** EXERCISE DESCRIPTION **
An exact copy of every entry is needed, without any of the pictures.

[Items listed in a dataset]
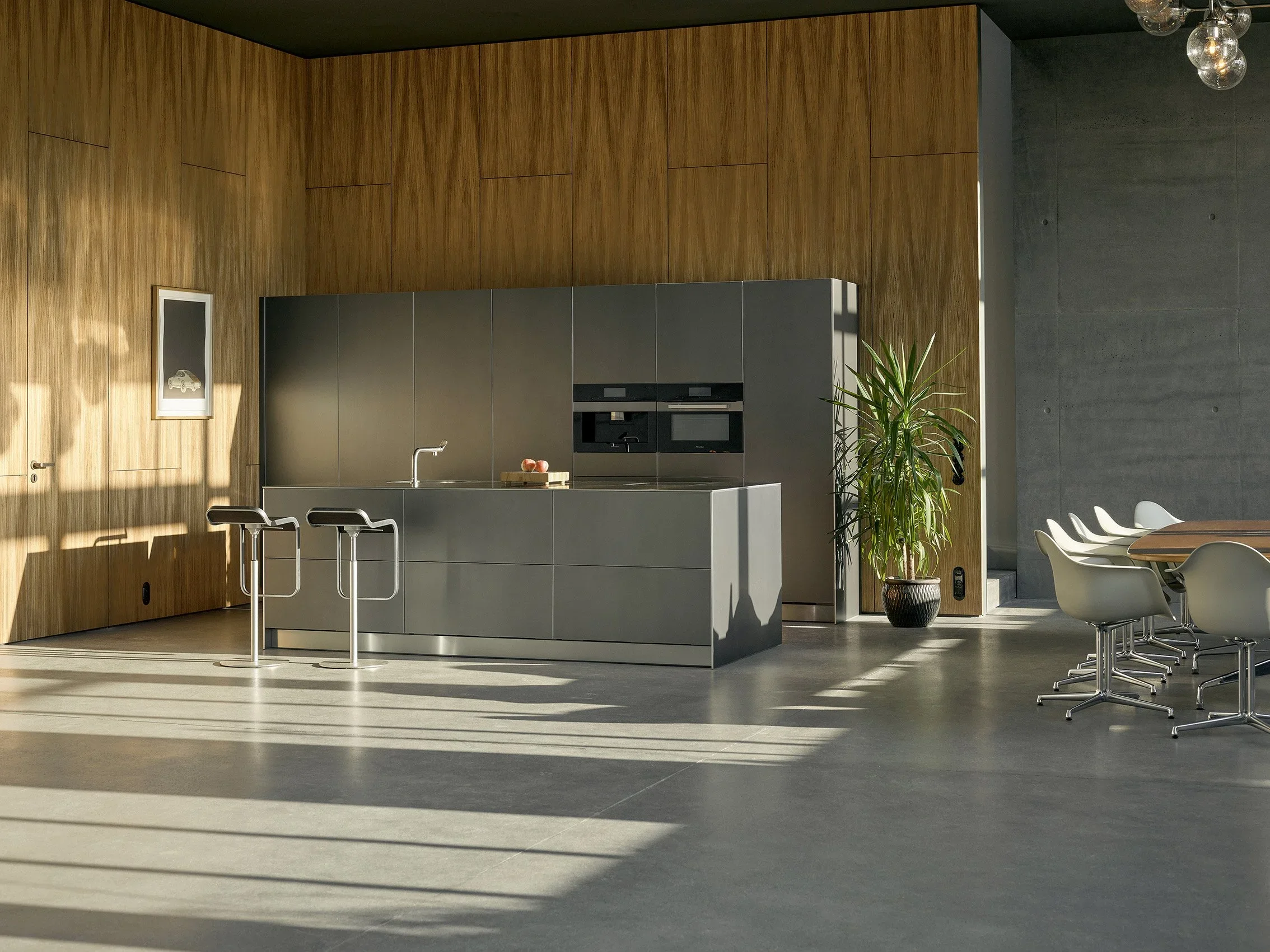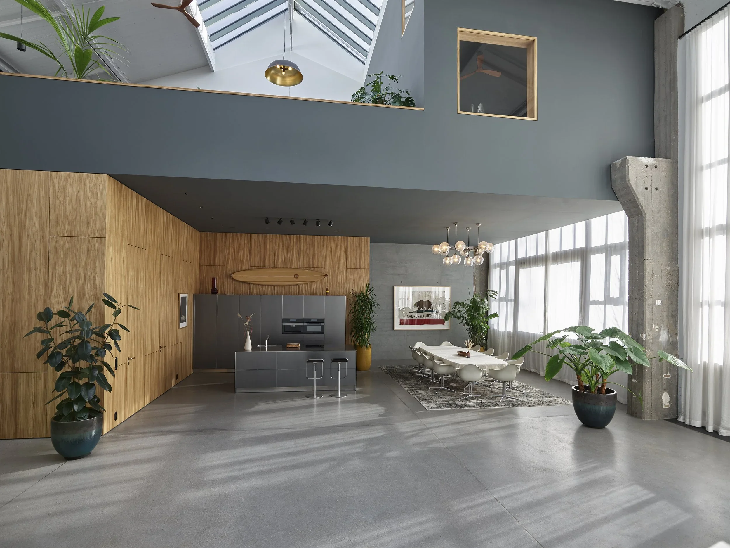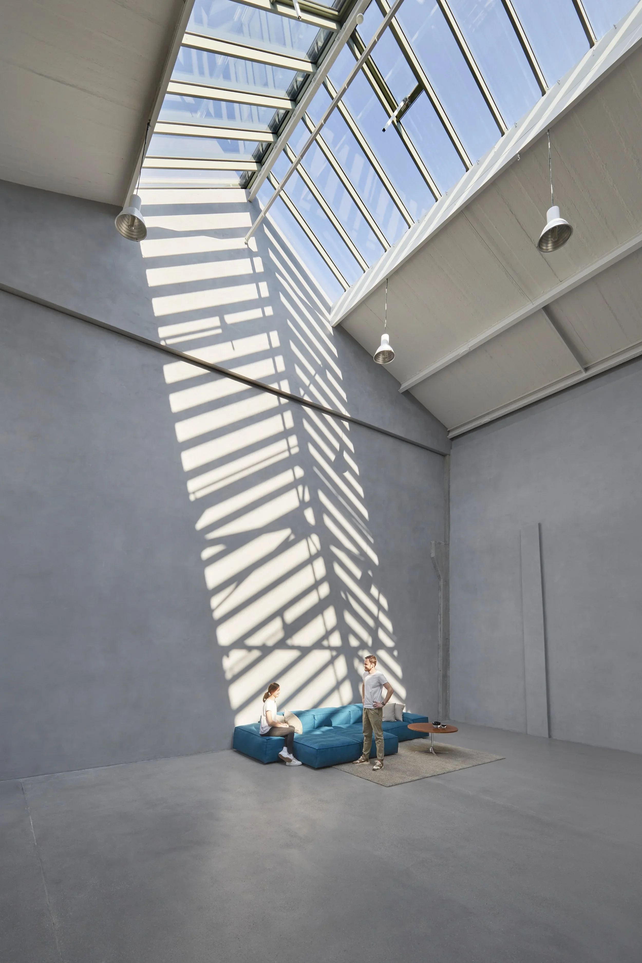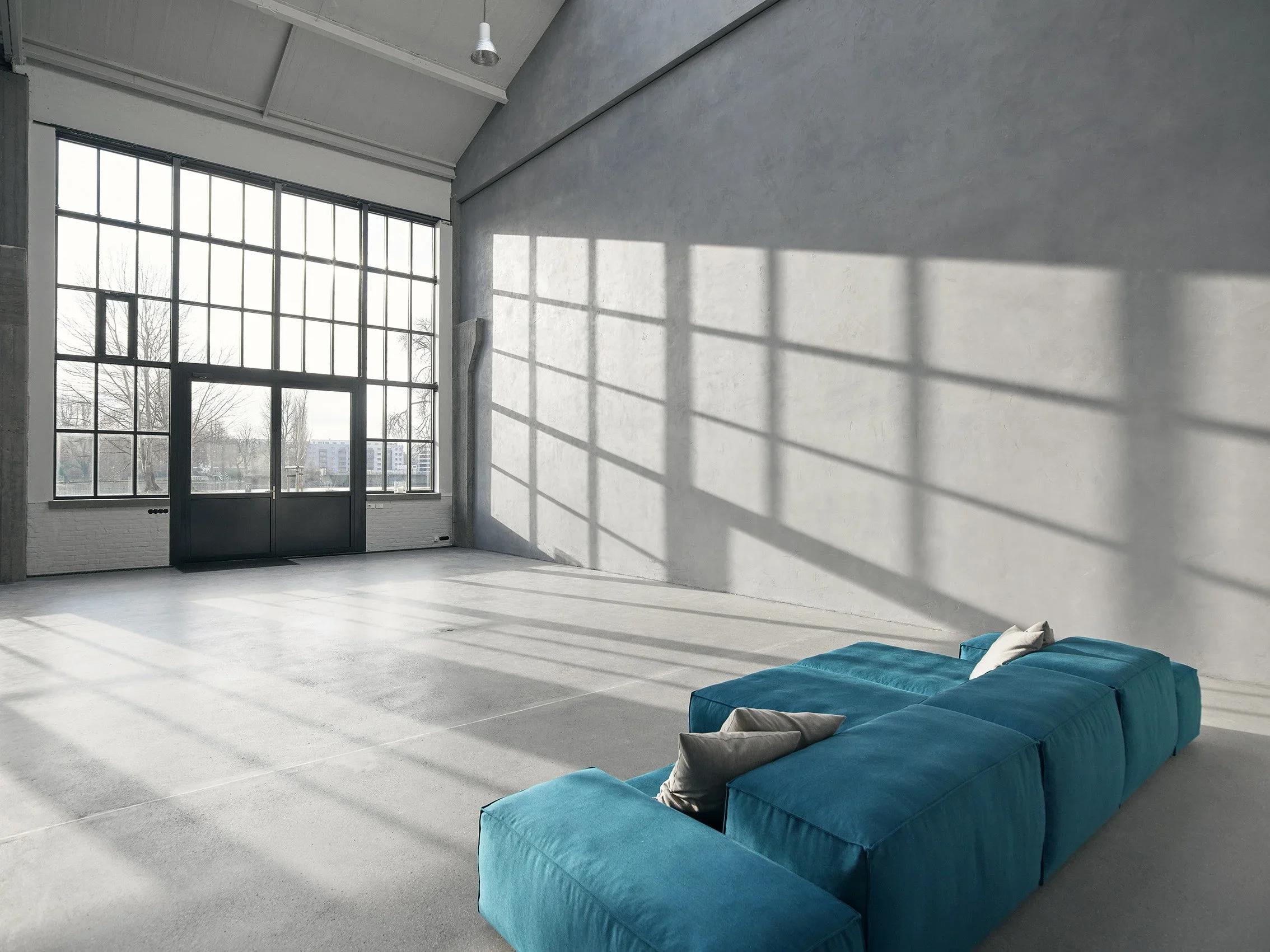 This unique place impresses with timeless minimalism, light-flooded rooms, warm colour nuances and soft surfaces that provide a lot of sensuality and give the studio its very special character. It has a high-quality and stylish ambience, with exclusive materials and urban design. The Studio spans 150 square meters and captivates with its 12-meter-high skylights and distinctive charm. Its proximity to the water allows for easy access via the waterway, adding to its allure.
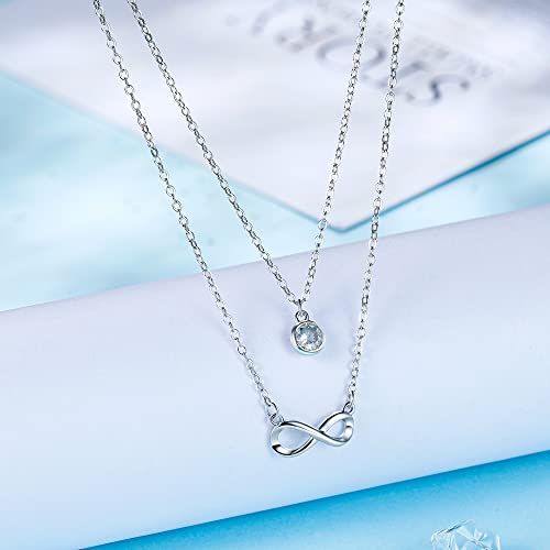 REIOT Collana Infinito Donna, Catena a Doppio Strato in Argento Sterling 925 con Zirconi Cubici 3A, Regalo di Compleanno per la Festa della Mamma, 43 + 5 cm
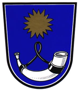 In Blau oben eine goldene Sonne, unten ein nach links gewendetes silbernes Hifthorn mit schwarzen Beschlägen und schwarzer Schnur.
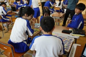 2校時の様子です。5年生の理科は、理科室で発芽の条件についてまとめていました。理科室で授業をするのはとても楽しいです。6年生の外国語科では、「スモールトーク双六」をしていました。とても楽しそうです。いい自作教材ですね。
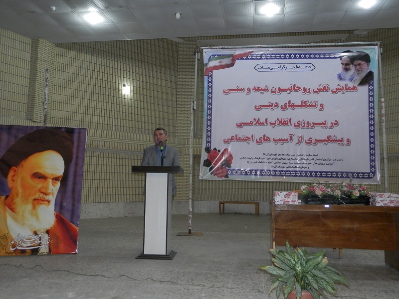 این همایش به مناسبت ایام الله دهه مبارک فجر با حضور فرماندار شهرستان آق قلا ، حاج آقا دیلم معاون مرکز بزرگ اسلامی شمال کشور ، حاج آقا سایری معاون فرهنگی سازمان تبلیغات اسلامی استان گلستان و مسئولین انتظامی و علمای اهل سنت شهرستان آق قلا و جمعی از شهروندان قبل از ظهر امروز برگزار شد.
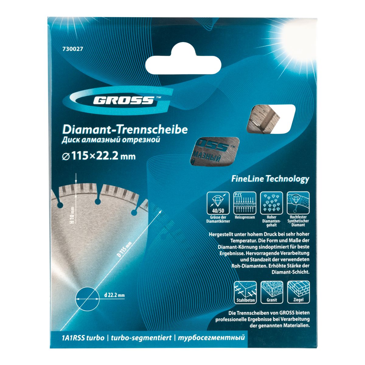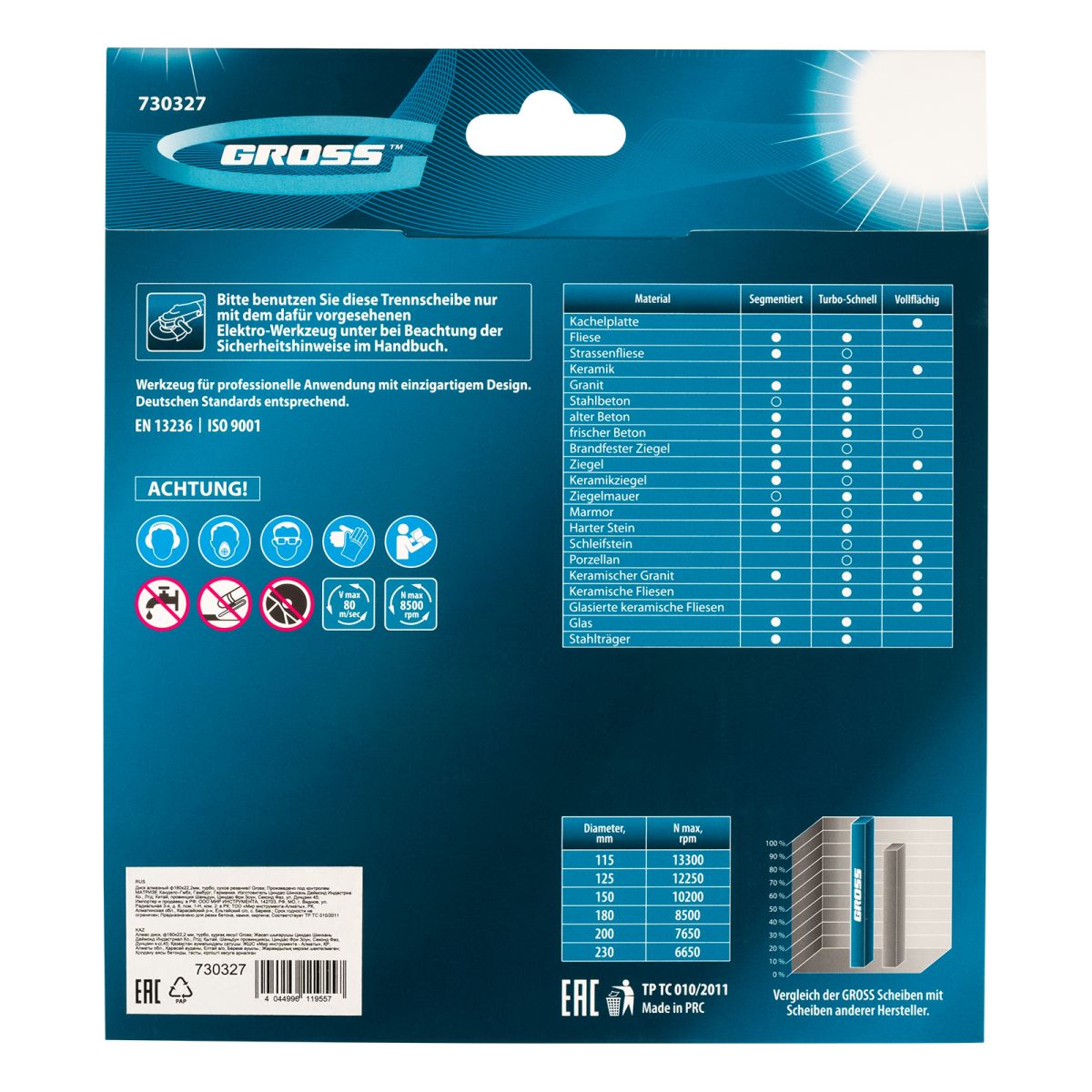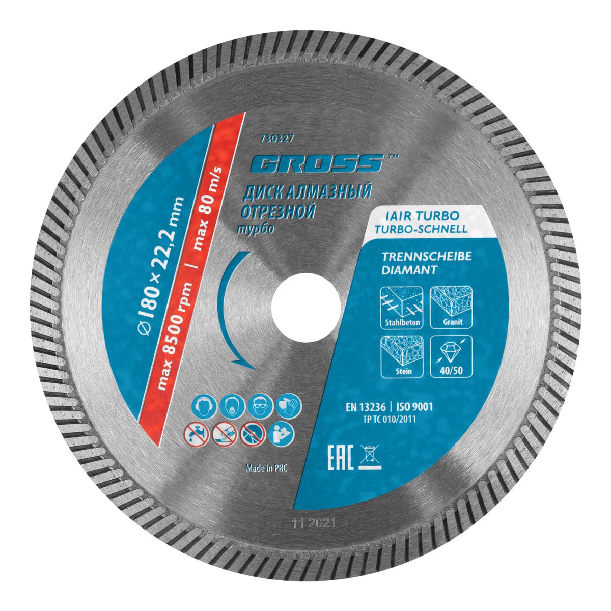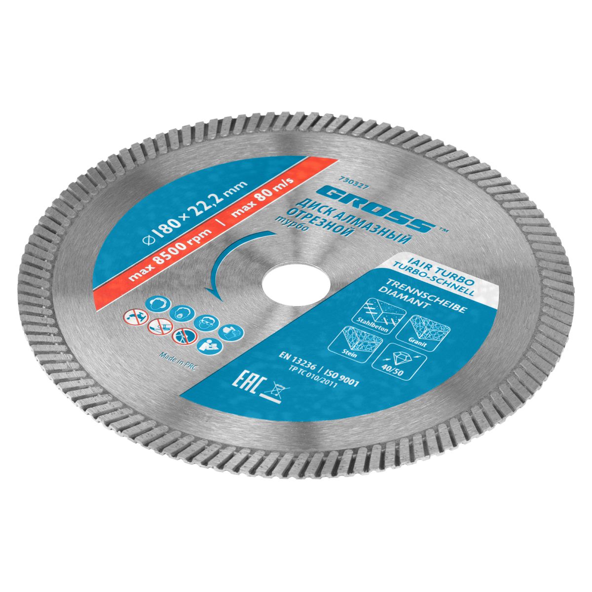 Диск алмазный, 180 х 22.2 мм, турбо, сухая резка Gross
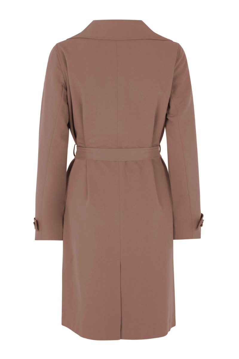 Smuk klassisk jakke fra Modström med bred krave og knaplukning foran. Jakken har bindebånd i livet der giver en smuk pasform. Den er perfekt som overgangsjakke og er rummelig.
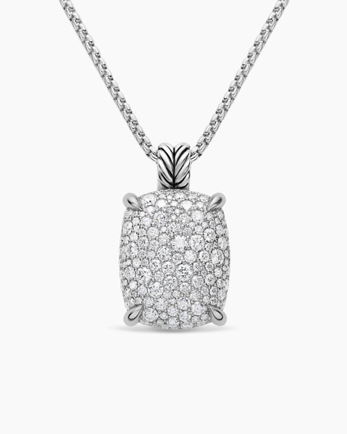 Chatelaine® Elongated Pendant Necklace Sterling Silver with Diamonds, 19mm
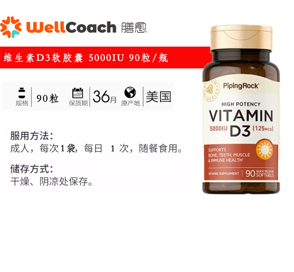 维生素D3软胶囊 5000IU 90粒/瓶
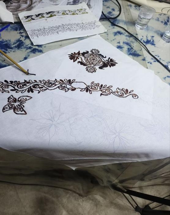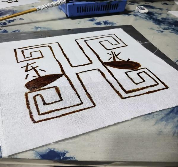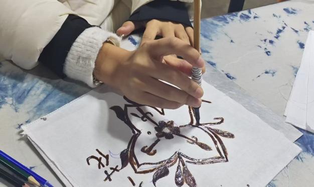 原以为枫香染不过是简单的“画画+染色”,真正上手才知其中门道。韦丽老师告诉我们,这门技艺的核心在于“以油防染”,从枫香油的提取提纯、与牛油的比例调配,到画油、染布、煮布、漂洗、晾晒,每一个环节都容不得半点马虎。光是“烧油”这一步,我们就练了整整两天——火温太高会让油脂变质,太低则无法达到防染效果,看着老师熟练掌控火候的模样,才懂“三顾茅庐拜师、三年严格考核”背后的坚守。我第一次执笔蘸油作画时,手腕僵硬得不听使唤,线条歪歪扭扭,韦丽老师没有直接纠正,而是握着我的手,带着我感受布依族图腾里的山川草木,“画画前要先读懂图案背后的故事,才能让线条有灵气”。

** REPLY **
 This unique place impresses with timeless minimalism, light-flooded rooms, warm colour nuances and soft surfaces that provide a lot of sensuality and give the studio its very special character. It has a high-quality and stylish ambience, with exclusive materials and urban design. The Studio spans 150 square meters and captivates with its 12-meter-high skylights and distinctive charm. Its proximity to the water allows for easy access via the waterway, adding to its allure.
 REIOT Collana Infinito Donna, Catena a Doppio Strato in Argento Sterling 925 con Zirconi Cubici 3A, Regalo di Compleanno per la Festa della Mamma, 43 + 5 cm
 In Blau oben eine goldene Sonne, unten ein nach links gewendetes silbernes Hifthorn mit schwarzen Beschlägen und schwarzer Schnur.
 2校時の様子です。5年生の理科は、理科室で発芽の条件についてまとめていました。理科室で授業をするのはとても楽しいです。6年生の外国語科では、「スモールトーク双六」をしていました。とても楽しそうです。いい自作教材ですね。
 این همایش به مناسبت ایام الله دهه مبارک فجر با حضور فرماندار شهرستان آق قلا ، حاج آقا دیلم معاون مرکز بزرگ اسلامی شمال کشور ، حاج آقا سایری معاون فرهنگی سازمان تبلیغات اسلامی استان گلستان و مسئولین انتظامی و علمای اهل سنت شهرستان آق قلا و جمعی از شهروندان قبل از ظهر امروز برگزار شد.
 Диск алмазный, 180 х 22.2 мм, турбо, сухая резка Gross
 Smuk klassisk jakke fra Modström med bred krave og knaplukning foran. Jakken har bindebånd i livet der giver en smuk pasform. Den er perfekt som overgangsjakke og er rummelig.
 Chatelaine® Elongated Pendant Necklace Sterling Silver with Diamonds, 19mm
 维生素D3软胶囊 5000IU 90粒/瓶
 原以为枫香染不过是简单的“画画+染色”,真正上手才知其中门道。韦丽老师告诉我们,这门技艺的核心在于“以油防染”,从枫香油的提取提纯、与牛油的比例调配,到画油、染布、煮布、漂洗、晾晒,每一个环节都容不得半点马虎。光是“烧油”这一步,我们就练了整整两天——火温太高会让油脂变质,太低则无法达到防染效果,看着老师熟练掌控火候的模样,才懂“三顾茅庐拜师、三年严格考核”背后的坚守。我第一次执笔蘸油作画时,手腕僵硬得不听使唤,线条歪歪扭扭,韦丽老师没有直接纠正,而是握着我的手,带着我感受布依族图腾里的山川草木,“画画前要先读懂图案背后的故事,才能让线条有灵气”。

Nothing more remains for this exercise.